## Problem to solve
Retype, exactly as they stand, the lines from the start of the data to the line that contains "今、日々草は大きく育って、シロタエ菊が見えないくらいになりました。", both ends included. Leave the pictures out.

## Available data
• • • • •

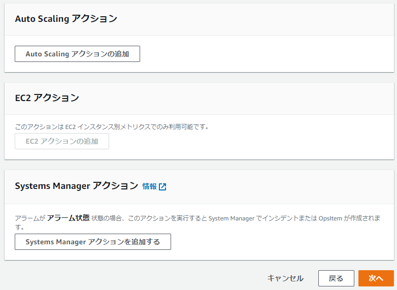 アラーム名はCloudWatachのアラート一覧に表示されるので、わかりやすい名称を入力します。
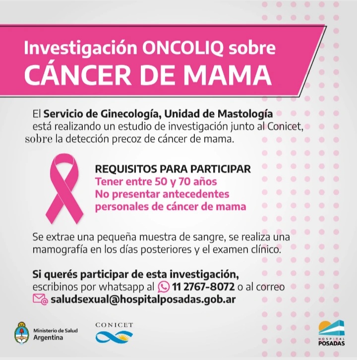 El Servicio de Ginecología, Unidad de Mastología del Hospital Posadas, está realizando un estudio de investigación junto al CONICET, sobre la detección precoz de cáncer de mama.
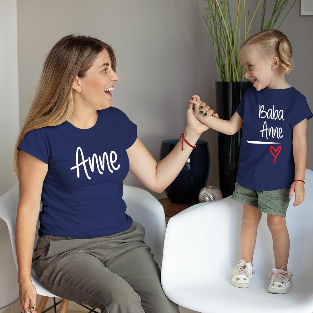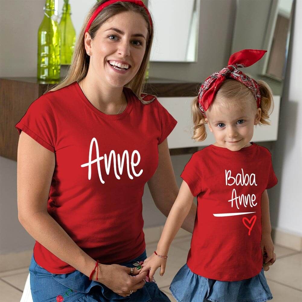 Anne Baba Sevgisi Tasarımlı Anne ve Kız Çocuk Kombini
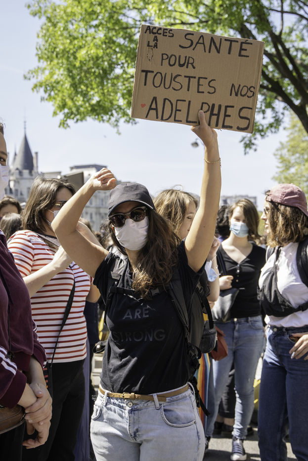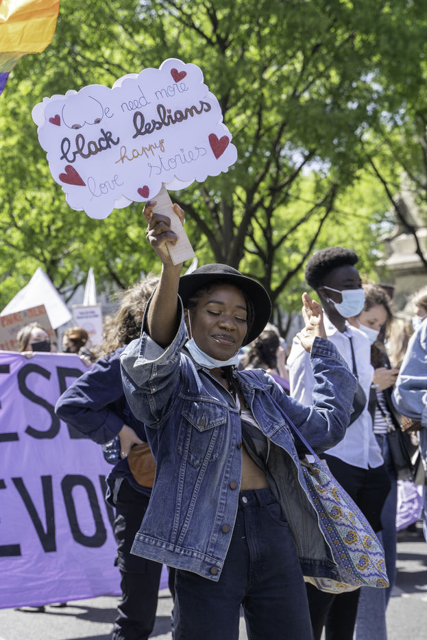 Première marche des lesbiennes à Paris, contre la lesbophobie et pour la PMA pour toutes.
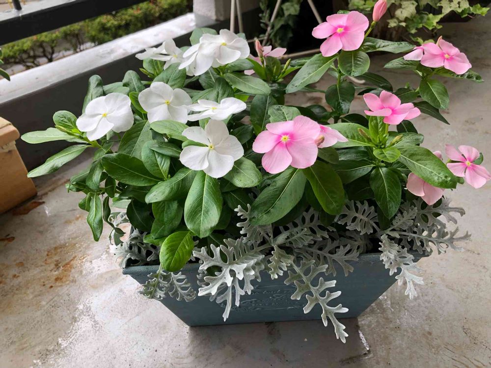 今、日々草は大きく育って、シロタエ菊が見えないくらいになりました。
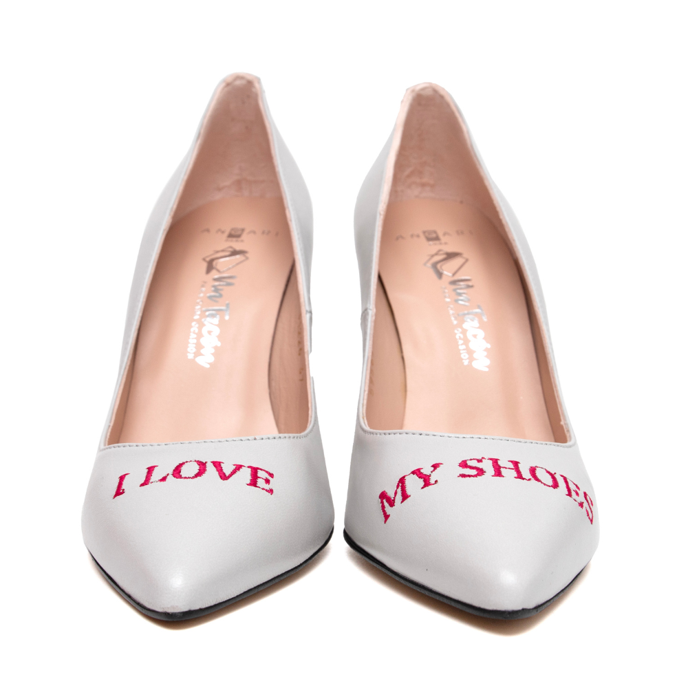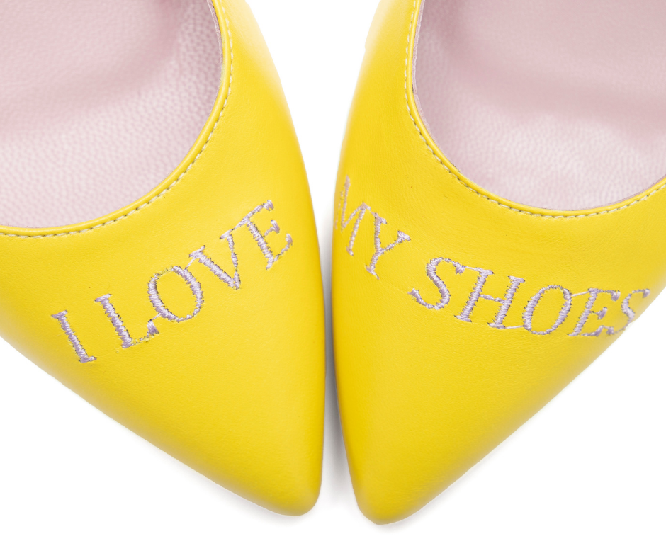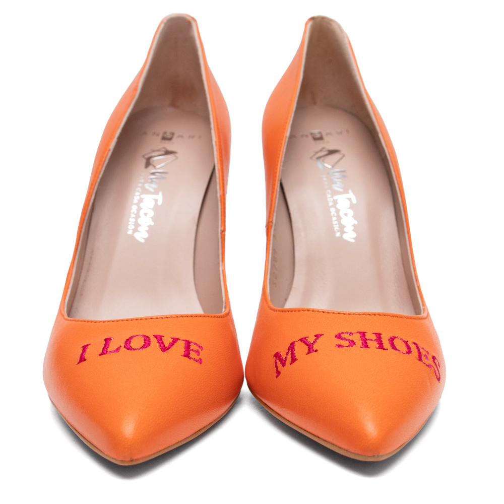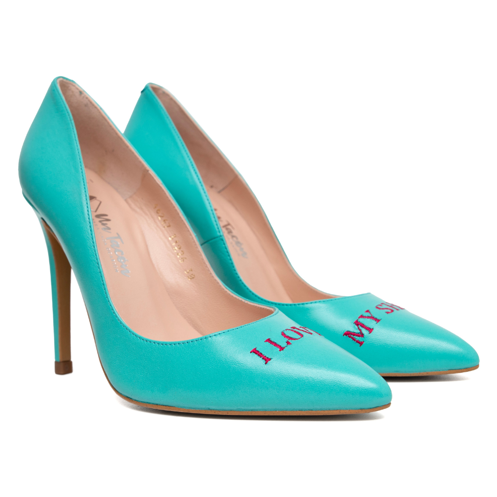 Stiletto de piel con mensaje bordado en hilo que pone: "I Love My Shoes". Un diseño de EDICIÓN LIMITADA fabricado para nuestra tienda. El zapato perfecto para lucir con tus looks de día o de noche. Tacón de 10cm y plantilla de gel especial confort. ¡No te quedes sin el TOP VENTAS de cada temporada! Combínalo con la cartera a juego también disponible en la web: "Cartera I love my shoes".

• • • • •

## Solution to this exercise
 アラーム名はCloudWatachのアラート一覧に表示されるので、わかりやすい名称を入力します。
 El Servicio de Ginecología, Unidad de Mastología del Hospital Posadas, está realizando un estudio de investigación junto al CONICET, sobre la detección precoz de cáncer de mama.
 Anne Baba Sevgisi Tasarımlı Anne ve Kız Çocuk Kombini
 Première marche des lesbiennes à Paris, contre la lesbophobie et pour la PMA pour toutes.
 今、日々草は大きく育って、シロタエ菊が見えないくらいになりました。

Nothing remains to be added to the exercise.